We have our 2nd Pawn shop….it was truly and amazing sight. We have lived here since before 9/11 and wondered why there was no pawn/gold shops anywhere close by…and now we have 2 the other opened earlier this year.

This is Change to believe in.

 
Comment by SuGuy
2010-09-14 18:00:58

If you like 20 times more snow than Syracuse and have the propensity to pay thru the nose for heating. A home like this little farm could be just what you need to buy and go broke. Besides catching a cold, and living among real rednecks this could be a must have property. Please be warned it looks nothing like the photos. In reality it is one ugly mess. But hey you could snowmobile in May most of the time and the summers are usually over by August 15th now that’s something to look forward to in life.

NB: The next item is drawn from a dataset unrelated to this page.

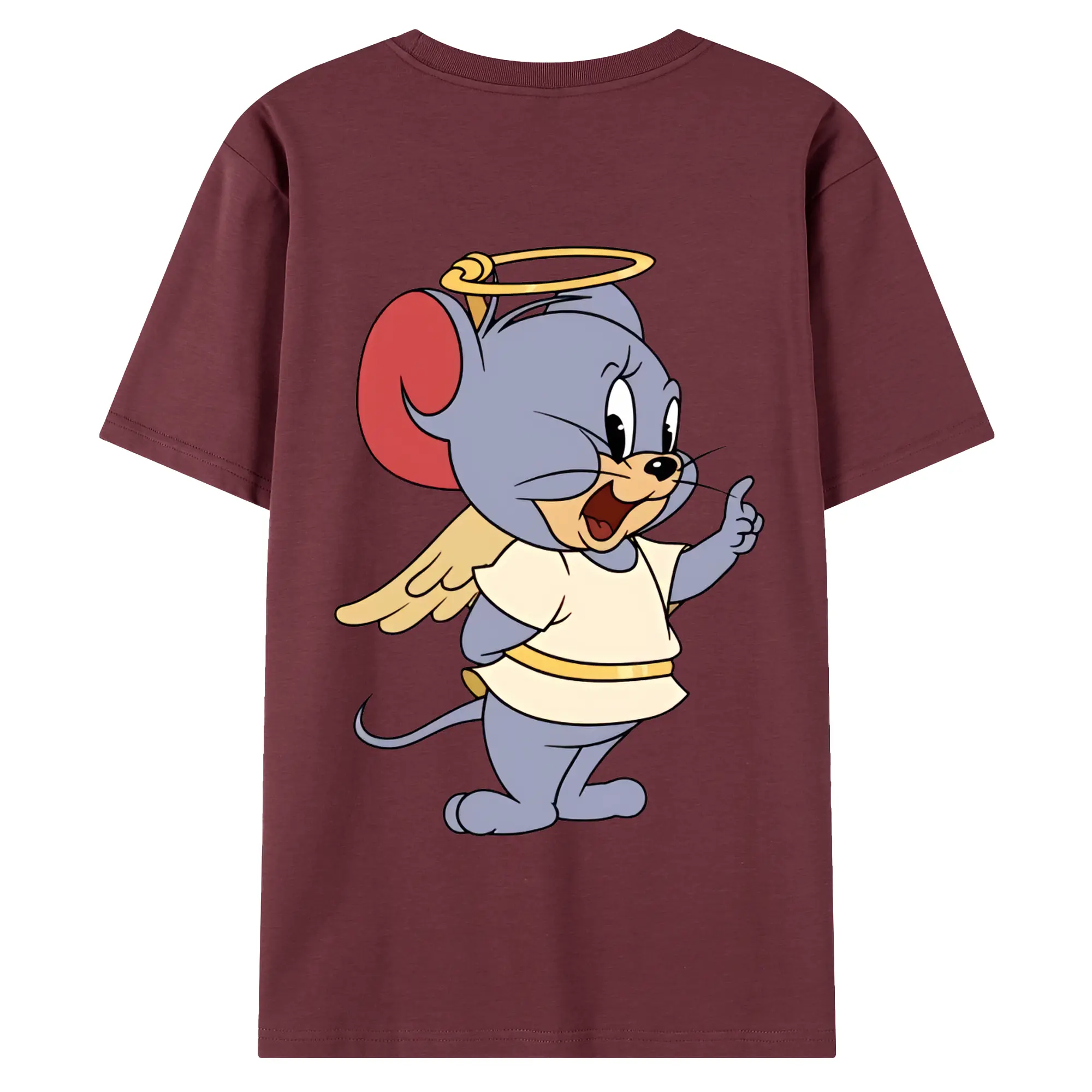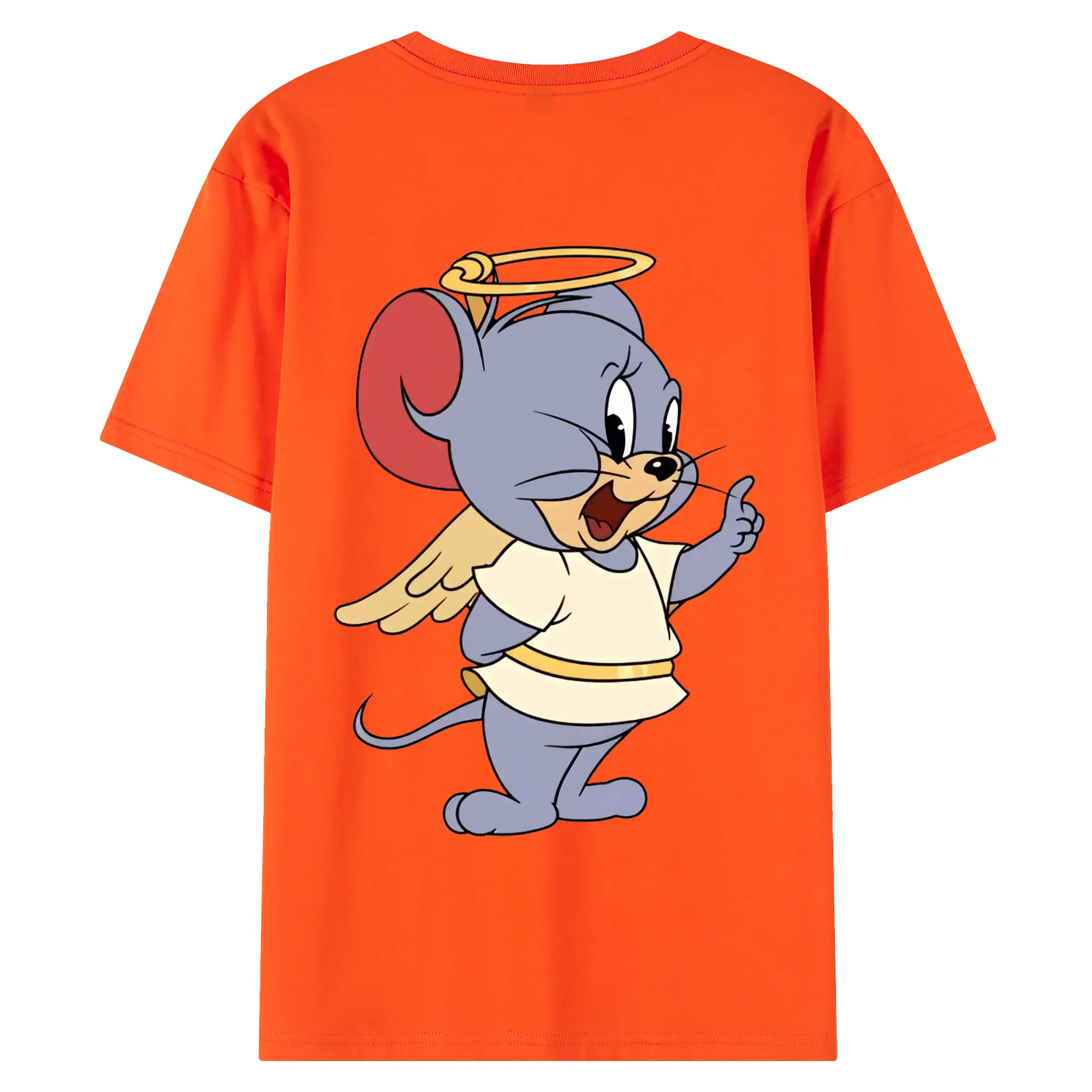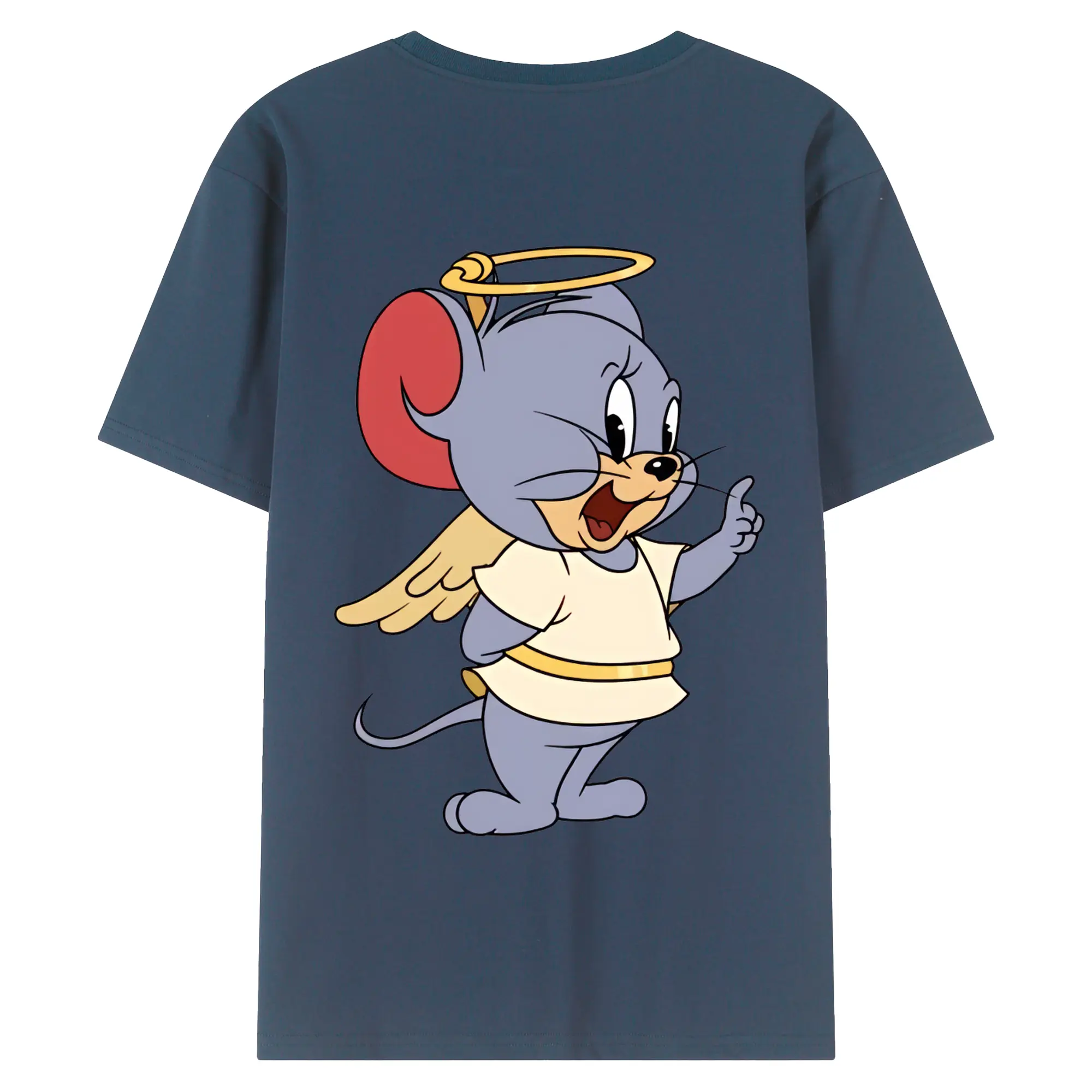 トムとジェリー グッズ タフィー - 綿100% ヴィンテージ風 半袖Tシャツ ・ 背面プリント ・ 柔らか肌触り ・ 通気性 快適 ・ スポーツ カジュアル 外出用

http://www.possonrealty.net/2239.html

Comment by joeyinCalif
2010-09-14 18:55:25

“2 kitchens”

It’s nice to have a backup if one breaks.

 
Comment by aNYCdj
2010-09-14 19:05:52

Those tractors come in handy in the winter this is a minor snowfall:

http://photo.accuweather.com/photogallery/details/photo/18228/Shoveling+the+Roof

Comment by aNYCdj
2010-09-14 19:26:05

Oh Man what a cool video watch it till the end…..

http://www.youtube.com/watch?v=bw8j79u6M4w

 
 
Comment by exeter
2010-09-14 19:26:27

I’ll offer two nickels.

 
Comment by Bill in Los Angeles
2010-09-14 21:52:33

You mean you see green (not white) only about three and a half months of the year?

The house looks great but unless I have a snowmobile and am an expert cross country skier, I think I could not handle 8 months of snow.

 
Comment by Carl Morris
2010-09-15 08:11:47

I kinda like it, but oh, the maintenance. Just looking at the already weather-beaten siding that they couldn’t even freshly oil or paint or whatever for the sales pictures screams to me “you’re gonna spend all summer every summer getting ready for next winter in this place”.

 
 
Comment by awaiiting wipeout
2010-09-14 20:53:17

SoCal home sales drop 13.8 percent in August
Channel 7 Evening News Los Angeles -A renter talks up renting, and a buyer talks about waiting,rental firm talks about deals… hooray!
This video segment on MSM is exactly what I’ve been waiting for.